Dataset records
--- START ---

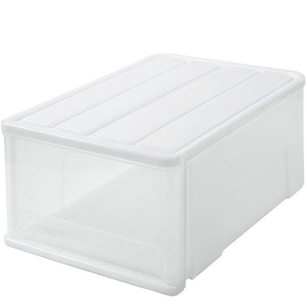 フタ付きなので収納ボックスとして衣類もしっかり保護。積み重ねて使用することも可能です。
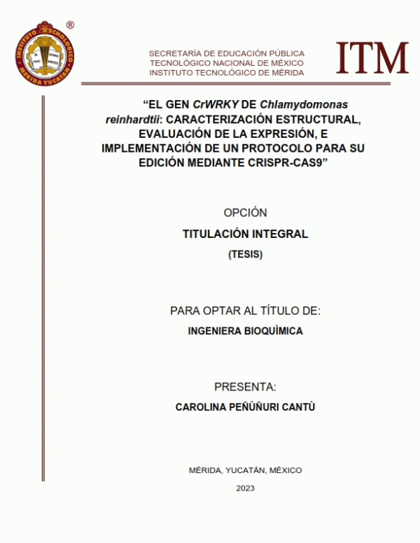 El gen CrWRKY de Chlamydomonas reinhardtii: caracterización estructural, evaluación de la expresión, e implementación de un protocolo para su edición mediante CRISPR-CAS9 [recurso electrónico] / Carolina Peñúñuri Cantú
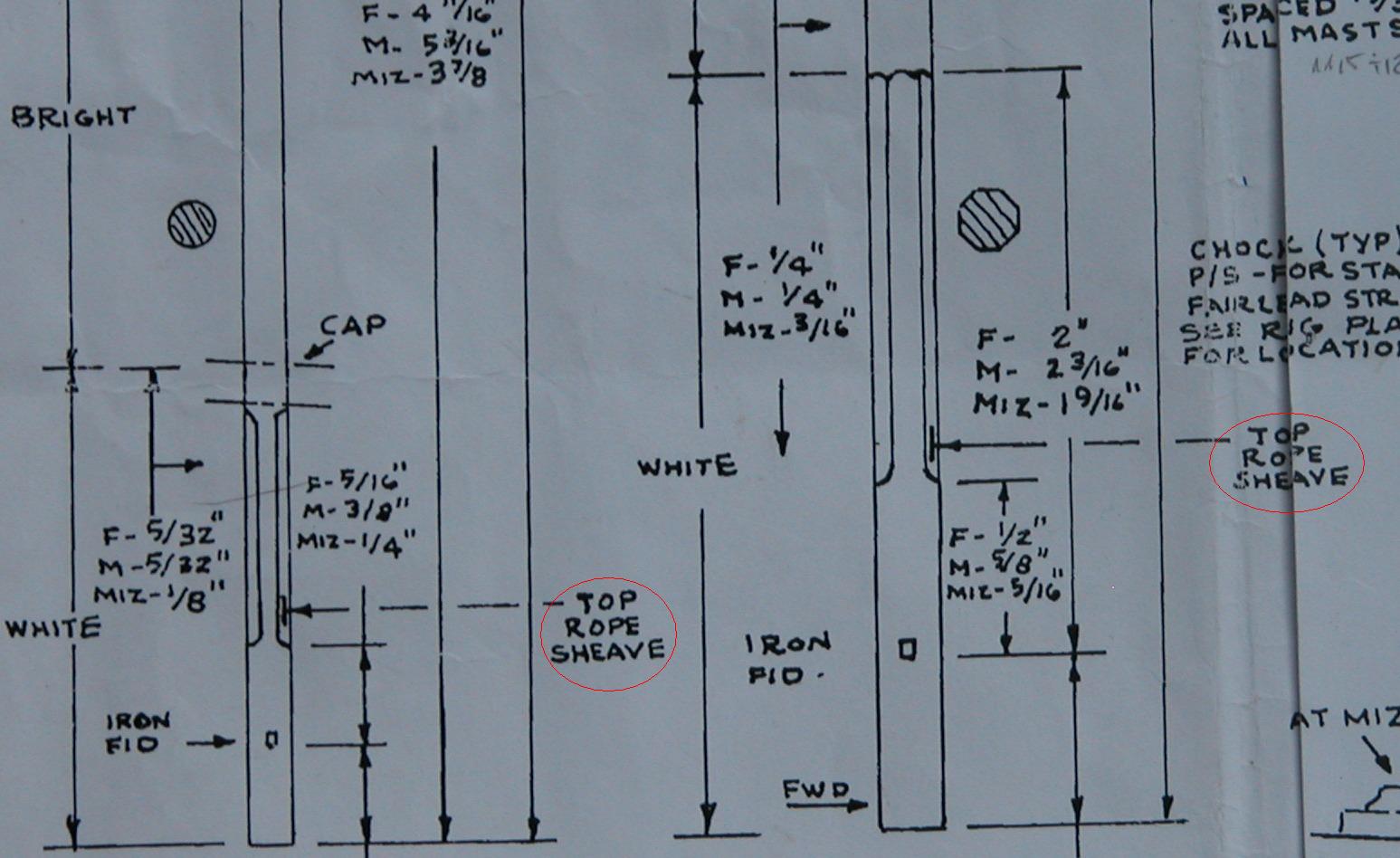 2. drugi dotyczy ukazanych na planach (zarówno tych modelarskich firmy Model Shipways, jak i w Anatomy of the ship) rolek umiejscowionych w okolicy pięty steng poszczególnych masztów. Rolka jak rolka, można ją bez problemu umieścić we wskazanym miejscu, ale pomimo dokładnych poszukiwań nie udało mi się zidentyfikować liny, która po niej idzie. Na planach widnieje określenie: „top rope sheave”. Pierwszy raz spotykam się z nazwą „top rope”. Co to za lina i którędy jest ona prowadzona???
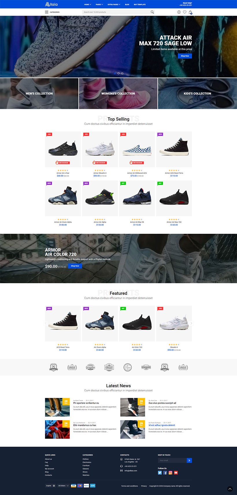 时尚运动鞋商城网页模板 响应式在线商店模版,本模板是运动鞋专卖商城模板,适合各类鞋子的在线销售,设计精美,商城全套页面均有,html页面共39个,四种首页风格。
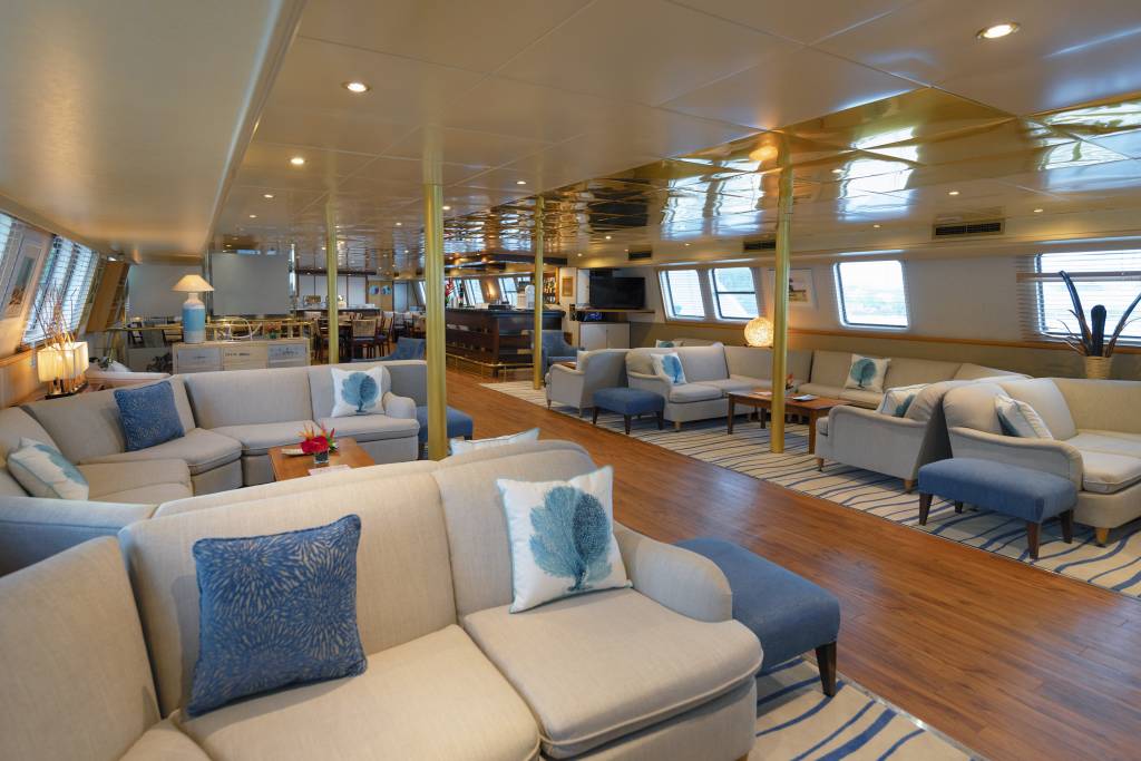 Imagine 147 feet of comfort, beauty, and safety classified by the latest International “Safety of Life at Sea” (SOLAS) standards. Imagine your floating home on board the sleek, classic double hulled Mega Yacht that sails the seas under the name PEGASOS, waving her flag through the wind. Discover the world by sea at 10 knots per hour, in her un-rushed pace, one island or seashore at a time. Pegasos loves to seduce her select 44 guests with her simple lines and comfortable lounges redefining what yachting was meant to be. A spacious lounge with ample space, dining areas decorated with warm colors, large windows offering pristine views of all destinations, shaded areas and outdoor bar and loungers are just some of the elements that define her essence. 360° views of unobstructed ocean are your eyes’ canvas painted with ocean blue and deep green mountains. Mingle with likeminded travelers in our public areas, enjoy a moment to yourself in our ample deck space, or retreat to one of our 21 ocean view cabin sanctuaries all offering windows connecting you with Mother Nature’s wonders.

--- END ---

Return the records above exactly as written. Do not include their images.

(YOUR SOLUTION):
 フタ付きなので収納ボックスとして衣類もしっかり保護。積み重ねて使用することも可能です。
 El gen CrWRKY de Chlamydomonas reinhardtii: caracterización estructural, evaluación de la expresión, e implementación de un protocolo para su edición mediante CRISPR-CAS9 [recurso electrónico] / Carolina Peñúñuri Cantú
 2. drugi dotyczy ukazanych na planach (zarówno tych modelarskich firmy Model Shipways, jak i w Anatomy of the ship) rolek umiejscowionych w okolicy pięty steng poszczególnych masztów. Rolka jak rolka, można ją bez problemu umieścić we wskazanym miejscu, ale pomimo dokładnych poszukiwań nie udało mi się zidentyfikować liny, która po niej idzie. Na planach widnieje określenie: „top rope sheave”. Pierwszy raz spotykam się z nazwą „top rope”. Co to za lina i którędy jest ona prowadzona???
 时尚运动鞋商城网页模板 响应式在线商店模版,本模板是运动鞋专卖商城模板,适合各类鞋子的在线销售,设计精美,商城全套页面均有,html页面共39个,四种首页风格。
 Imagine 147 feet of comfort, beauty, and safety classified by the latest International “Safety of Life at Sea” (SOLAS) standards. Imagine your floating home on board the sleek, classic double hulled Mega Yacht that sails the seas under the name PEGASOS, waving her flag through the wind. Discover the world by sea at 10 knots per hour, in her un-rushed pace, one island or seashore at a time. Pegasos loves to seduce her select 44 guests with her simple lines and comfortable lounges redefining what yachting was meant to be. A spacious lounge with ample space, dining areas decorated with warm colors, large windows offering pristine views of all destinations, shaded areas and outdoor bar and loungers are just some of the elements that define her essence. 360° views of unobstructed ocean are your eyes’ canvas painted with ocean blue and deep green mountains. Mingle with likeminded travelers in our public areas, enjoy a moment to yourself in our ample deck space, or retreat to one of our 21 ocean view cabin sanctuaries all offering windows connecting you with Mother Nature’s wonders.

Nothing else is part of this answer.